Cost-Controlled Data Generation
Teacher provider implements fallback chain from free models to paid models with explicit fallback_to_paid flag for cost control. Rate limiting (15 RPM) and exponential backoff prevent API throttling. Dry-run mode enables testing without API costs. All generation runs include token usage tracking and fallback statistics for budget visibility.
Reproducibility & Provenance
Every generated example includes full provenance: config snapshot, prompt hash, teacher model ID, generation timestamp, token counts. Append-only JSONL format prevents data loss. Deterministic prompt planning ensures consistent category/difficulty distribution. All evaluation runs saved with metadata for exact reproduction.
Clean Architecture & Testing
Modular separation: inference, evaluation, data generation, teacher providers. 169 tests cover validation logic, data pipeline, and evaluation framework. Makefile provides stable commands (make test, make eval, make data) for consistent developer experience. Type hints and docstrings throughout.
Development Workflow
Setup
git clone <repository-url>
cd pocket-guide
make env # Create virtual environment
source .venv/bin/activate
make test # Run test suite
cp .env.example .env # Configure API keys
Synthetic Data Generation
# Dry-run (no API calls)
python -m pocketguide.teachers.smoke --dry-run
# Real generation with free models only
python -m pocketguide.data_generation.draft
# Allow paid fallback if free models fail
python -m pocketguide.data_generation.draft --fallback_to_paid
Evaluation
make eval # Run full benchmark suite
python -m pocketguide.eval.report_base_v0 --run_dir runs/eval/<timestamp>
Code Quality
make lint # Check linting
make format # Auto-format
Results (Baseline)
Baseline evaluation completed on open-source student model pre-adaptation. Metrics provide reference point for measuring improvements post-fine-tuning.

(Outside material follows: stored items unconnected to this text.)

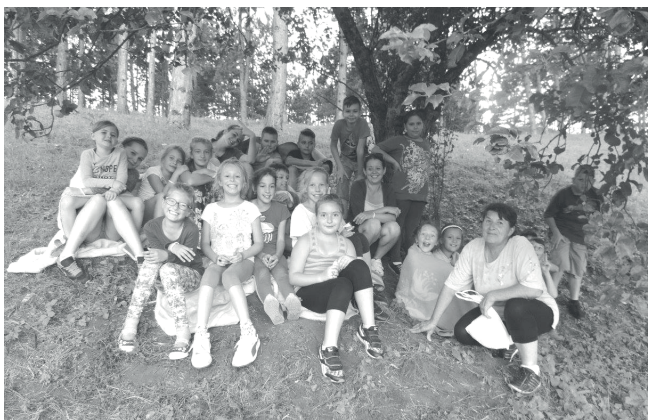
Táborozók a vadalmafa alatt
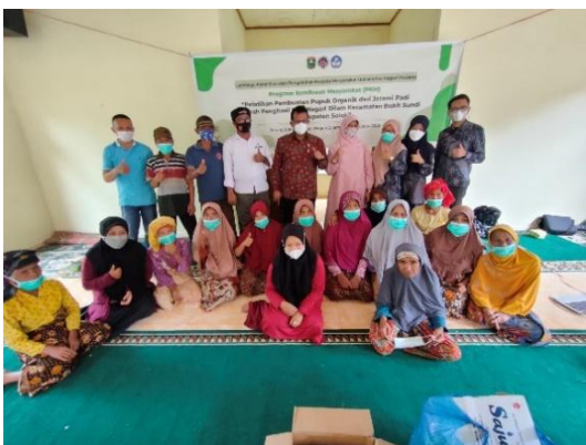
Gambar 4. Penutupan pelatihan pembuatan pupuk organik dari jerami padi

Walaupun kadar N, P dan K belum cukup tinggi yang terkandung pada pupuk organic hasil fermentasi. Namun pengolahan ini cukup membantu petani dalam menanggulangi limbah jerami padi dan mengatasi kelangkaan pupuk.
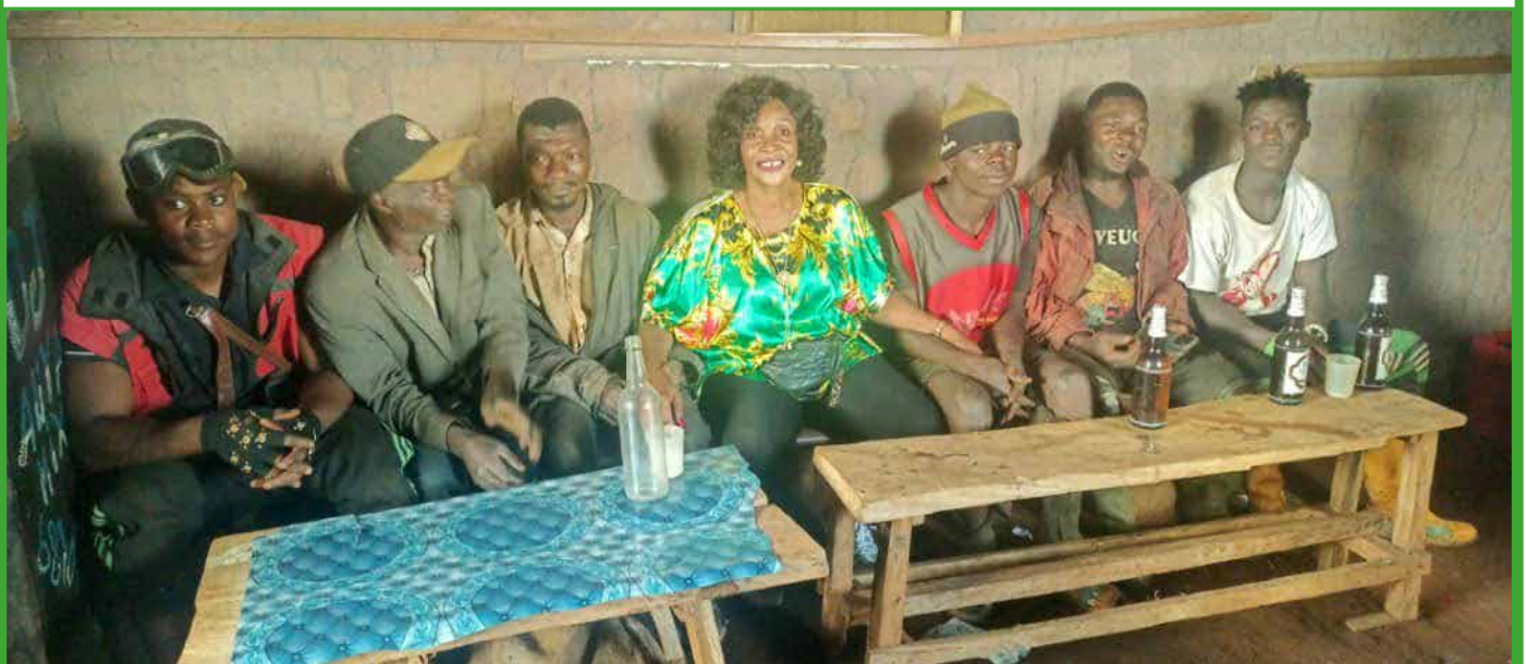
Visite des coins chauds dans les profondeurs de Babadjou
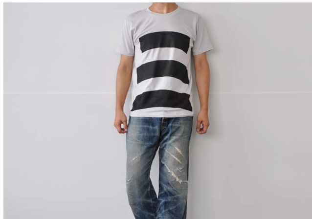
bottom ライトグレイ L サイズ着用 (185cm 男性)
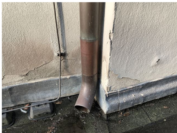
gevel no. 7-14: verf vervuild en beschadigd (2024)
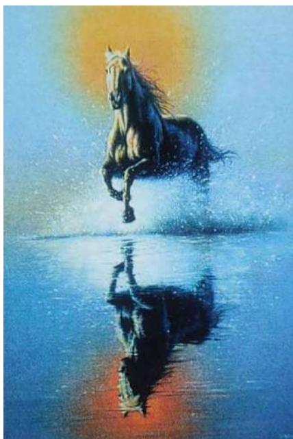
Рис. 1 - Моє майбутнє

Обґрунтування респондента: мій вибір супроводжувався такими емоціями як: впевненість та спокій. На картинці для мене відображено рух життя, його сенс, що потрібно спокійно дивитися в майбутнє та оцінювати свої можливості. Мати гармонію у своєму житті.
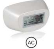
(لعلاج حب الشباب)
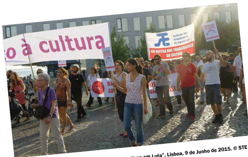
Desfile “Cultura em Luta”. Lisboa, 9 de Junho de 2015.

Sindicato dos Trabalhadores de Espectáculos (STE) Novembro de 2015
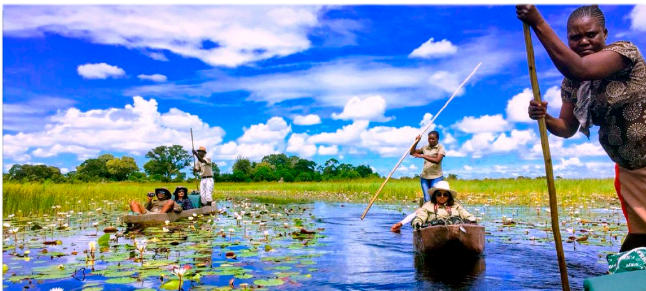
MOKORO SAFARI I OKAVANGODELTAT
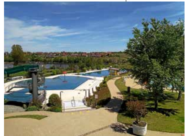
Freibad Lauffen a.N.

Der Gemeinderat fasste zur Vorlage 2023 Nr. 29 folgenden einstimmigen Beschluss:

Detailed results and failure analysis available in evaluation reports under runs/eval/. Full comparison with adapted model will be documented once Milestone 5 (Model Adaptation) is complete.
Safety & Limitations
Current Limitations
This is a demonstration system in active development. The model has not been adapted yet and operates with baseline open-source capabilities. Output quality and reliability will improve significantly after synthetic data fine-tuning in Milestone 5.
Intended Use
PocketGuide provides general travel guidance and should not replace official government sources for visa requirements, health advisories, or safety warnings. Users must verify critical information independently.
Future Hardening
Planned safety improvements include evidence attribution, uncertainty quantification, and explicit abstention when information reliability is low. Production deployment (Milestone 8) will include additional safeguards and resource constraint documentation.